Photography by Randall Bohl

“You are the link between the engineer and the customer. It is a big responsibility.”

Those words were addressed to the Phoenix Automotive Press Association by Chris Céret, an instructor for the Audi Academy and one of the panelists assembled to suggest how automotive development engineers think car reviewers could do a better job for their readers, viewers, listeners and website visitors.

Joining Céret on the panel were Paul Berardi, recently retired after a long career in customer service and development engineering for Ford, and Jim Contes, who retired from the General Motors’ engineering staff to teach automotive engineering at Arizona State University.

“What is the clientele for that vehicle, or are you testing merely for yourself?” added Céret, a former French rally racer who introduces Audi dealership employees to the automaker’s newest vehicles.

“I get a laugh when I see 0-60 mph times for a TDI [diesel] or a hybrid,” Céret said.

The panel (from left): Chris Ceret, Paul Berardi and Jim Contes

On a less humorous note, he said he finds factual errors in nearly all of the car reviews he reads in magazines. Such errors, he said, evaporate the reviewer’s credibility in his eyes.

“You have to push the vehicles,” Berardi suggested. “What you write is what people are going to decide to buy. Push the envelope when you’re testing. It serves a purpose.”

But, the panelists added, judge a vehicle the way its potential buyers will judge it.

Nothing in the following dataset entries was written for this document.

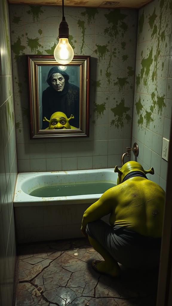 In an old, grimy bathroom of a forgotten house, Shrek, covered in slime and with bloodshot eyes, crouches beside a figure peeking out from a bathtub filled with stagnant water. Cracked tiles line the floor, and the mirror is fogged, speckled with mold. The scene is dimly lit by a flickering bulb, casting distorted reflections of both characters in the mirror, creating an eerie and haunting atmosphere.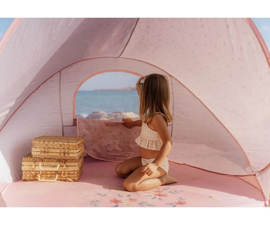Esta bonita carpa de playa con protección UV40 de la colección Ocean Dreams Rosa de Little Dutch, es ideal para los días de playa, aunque también se puede utilizar en piscinas, picnis, parque, jardín y más.
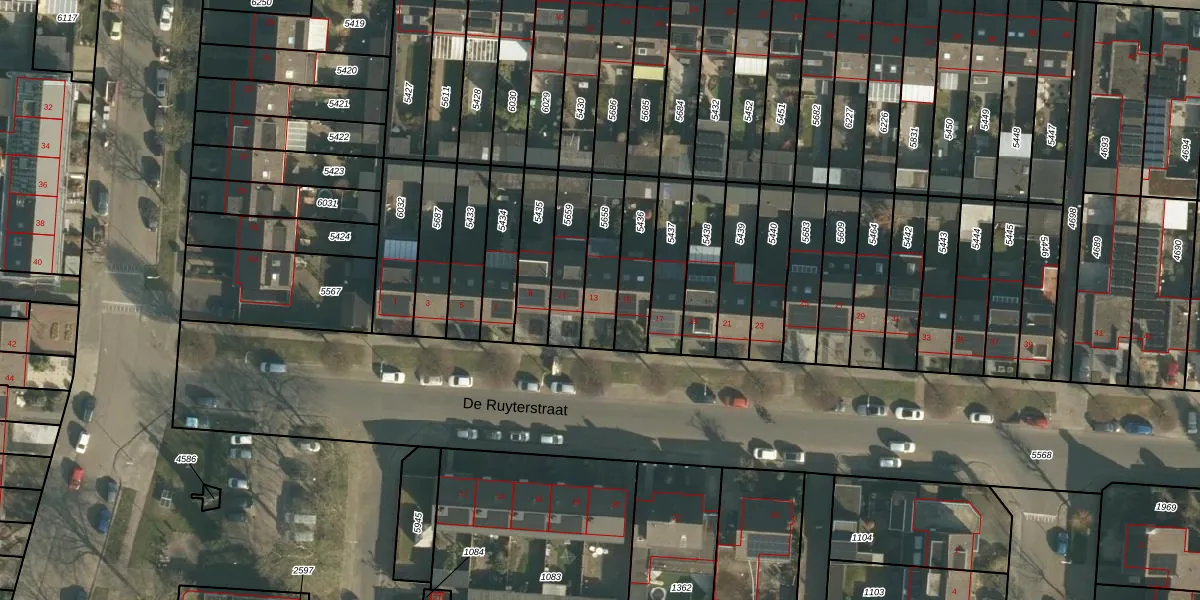Het perceel waarop De Ruyterstraat 13 staat heeft een oppervlakte van 164 m². Dit is een middelgroot perceel. De perceeloppervlakte wordt geregistreerd door het Kadaster. Gedetailleerde informatie over de maten van dit perceel kunt u vinden in het rapport Kadastrale kaart met maatvoering van De Ruyterstraat 13.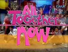 All Together Now is a Philippine television situational comedy series broadcast by GMA Network. Directed by Al Quinn, it stars Christopher de Leon, Johnny Delgado, Edgar Mortiz and Pops Fernandez. It premiered on October 21, 2003 on the network's KiliTV line up. The series concluded on September 7, 2004 with a total of 47 episodes. It was replaced by Bahay Mo Ba 'To? in its timeslot.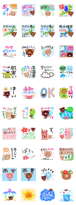 天気予報もできる♪毎日使える、便利なお天気スタンプセットです。 雨・晴れ・くもり・暑い日・寒い日。基本の挨拶も入っています。ようこ より発売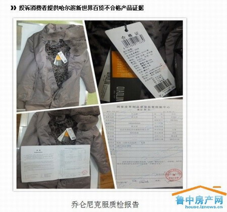 12月3日,記者接到消費(fèi)者葛先生投訴,稱其于11月于哈爾濱新世界百貨購買的多款知名品牌服裝經(jīng)過國家皮革制品質(zhì)量監(jiān)督檢驗(yàn)中心鑒定為不合格產(chǎn)品。其中包含喬倫尼克服、喬倫尼克服、潤闊皮草大衣等,據(jù)了解,經(jīng)檢測(cè)不合格產(chǎn)品單價(jià)均不低于千元。有的甚至超過萬元。不僅如此,投訴者葛先生還表示,因?yàn)椴唤邮苓@樣的結(jié)果,所以在朋友的牽線下請(qǐng)“維權(quán)衛(wèi)士”職業(yè)打假人紀(jì)萬昌幫忙維權(quán),提出要求哈爾濱新世界百貨賠償,然卻遭到哈爾濱新世界白百貨馮經(jīng)理(045153677055該馮小姐本人說代表哈爾濱新世界)的拒絕。據(jù)悉,馮小姐對(duì)于新世界銷售產(chǎn)品為不合格產(chǎn)品的檢測(cè)并無否認(rèn),只表示愿意退貨,拒絕賠償,并叫囂消費(fèi)者“愛到哪告到哪告”。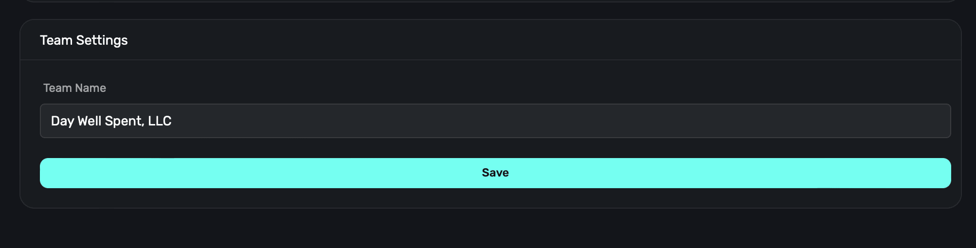 To rename your team, enter in a new value name under the Team Name section, and click the Save button: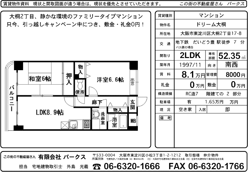 だいどう豊里駅歩7分 大桐2丁目のドリーム大桐で2LDK 52.35平方メートルが、81000円で募集中です。 大桐2丁目の静かな環境のファミリータイプマンション。 只今、引っ越しキャンペーン中につき、敷金・礼金0円となっております。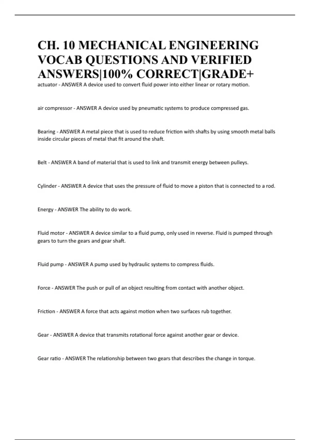 CH. 10 MECHANICAL ENGINEERING VOCAB QUESTIONS AND VERIFIED ANSWERS|100% CORRECT|GRADE+

Céret noted that German cars are designed and engineered for European driving conditions. But, he said, Volkswagen’s new Passat, which is built in a new factory in Tennessee, was created specifically for American drivers and their families.

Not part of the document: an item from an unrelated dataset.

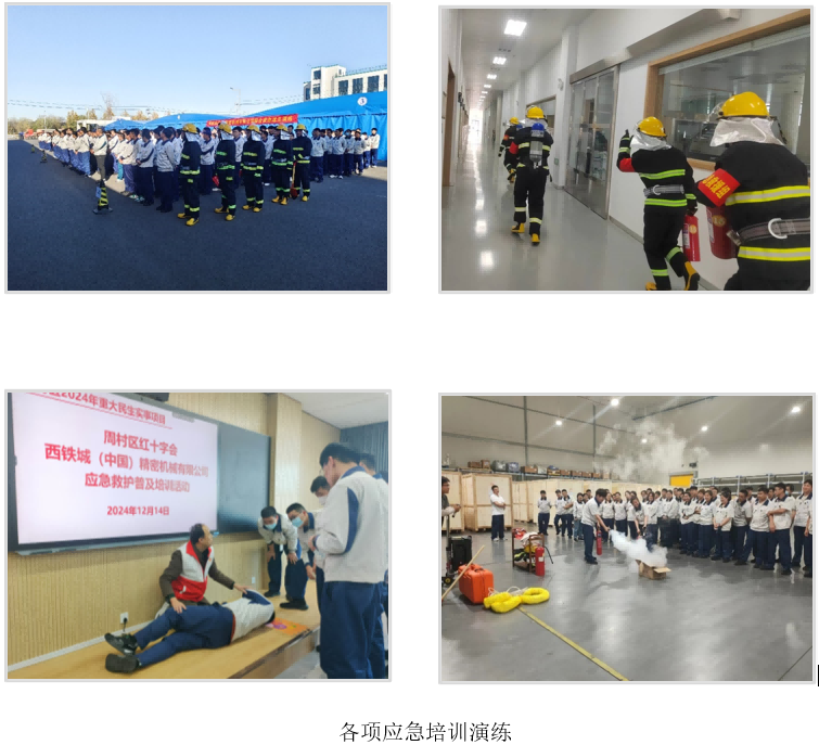 2024年度開展消防綜合逃生演練、車輛傷害專項應急演練、機械傷害現(xiàn)場處置方案演練、倉儲物體打擊現(xiàn)場處置方案演練、火災事故現(xiàn)場處置方案演練、檢維修中暑事故處置方案演練等,共計13次。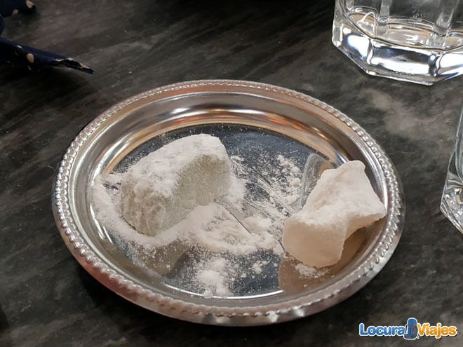 El loukoumi es un dulce con un interior que recuerda a la gelatina. Puede estar elaborado de multitud de frutas, nosotros hemos probado el de mastija y el de bergamota, pero podéis encontrarlo de otras frutas y también con algún fruto seco en su interior. Su aspecto exterior siempre llama la atención por el azúcar en polvo o glas, teniendo forma de cuadrado o rectángulo.

Berardi said sometimes even within a single country such as the United States there can be regional differences that complicate vehicle design and engineering efforts. For example, he said, the size of cup holders.

“Everybody in Detroit drinks 12-ounce soda cans,” he said. But in the heat of the Arizona desert, where he, Contes and others worked at hot-weather proving grounds, “we drink Big Gulps!”

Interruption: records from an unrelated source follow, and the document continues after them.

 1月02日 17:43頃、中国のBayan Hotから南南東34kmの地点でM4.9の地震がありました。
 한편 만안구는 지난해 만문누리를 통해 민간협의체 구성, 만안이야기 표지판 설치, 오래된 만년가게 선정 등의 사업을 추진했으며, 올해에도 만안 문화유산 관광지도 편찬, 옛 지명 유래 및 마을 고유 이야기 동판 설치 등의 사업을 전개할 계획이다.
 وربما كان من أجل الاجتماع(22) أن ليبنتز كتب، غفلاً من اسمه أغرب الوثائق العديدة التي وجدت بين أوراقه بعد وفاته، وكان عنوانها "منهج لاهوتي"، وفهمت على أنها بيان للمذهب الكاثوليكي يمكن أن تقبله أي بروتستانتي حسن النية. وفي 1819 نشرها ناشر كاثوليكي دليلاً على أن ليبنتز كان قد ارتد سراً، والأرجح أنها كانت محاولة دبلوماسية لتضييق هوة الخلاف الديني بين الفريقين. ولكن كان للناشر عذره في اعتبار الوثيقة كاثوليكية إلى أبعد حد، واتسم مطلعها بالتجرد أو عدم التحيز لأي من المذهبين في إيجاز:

Berardi said it took a long time for Detroit to be convinced about enlarging its cup holders.

Jim Prueter of AAA's Arizona Highroads magazine asks a question.

“Let’s not talk about cup holders,” Céret suggested, knowing how reluctant his company was to incorporating such things into its vehicles.

The panel was assembled by PAPA member and automotive spy photographer Brenda Priddy, who’s business is to photograph prototype vehicles.

“She knows where we all live,” Berardi said.

Contes told of the time he was testing Corvettes in the Australian Outback, only to be captured on film by a spy photographer.

But he said he scored one on the spies in the 1980s when he was testing a future Oldsmobile Cutlass and had to create camouflage to hide the car’s design as much as possible. Contes fashioned a pair of cardboard fins, spray-painted them and attached them to the rear quarter panels.

Sure enough, he said, the car showed up on the cover of a car magazine with the headline: “Detroit first fins since the ‘50s.”

“I really did a good job,” he said with a smile.

Berardi encouraged reviewers to look under the hood and let customers know whether it will be easy or difficult to perform typical service, such as changing oil or spark plugs, and to push the automakers on such things.

“Making customers more knowledgeable is what you guys can do,” he said.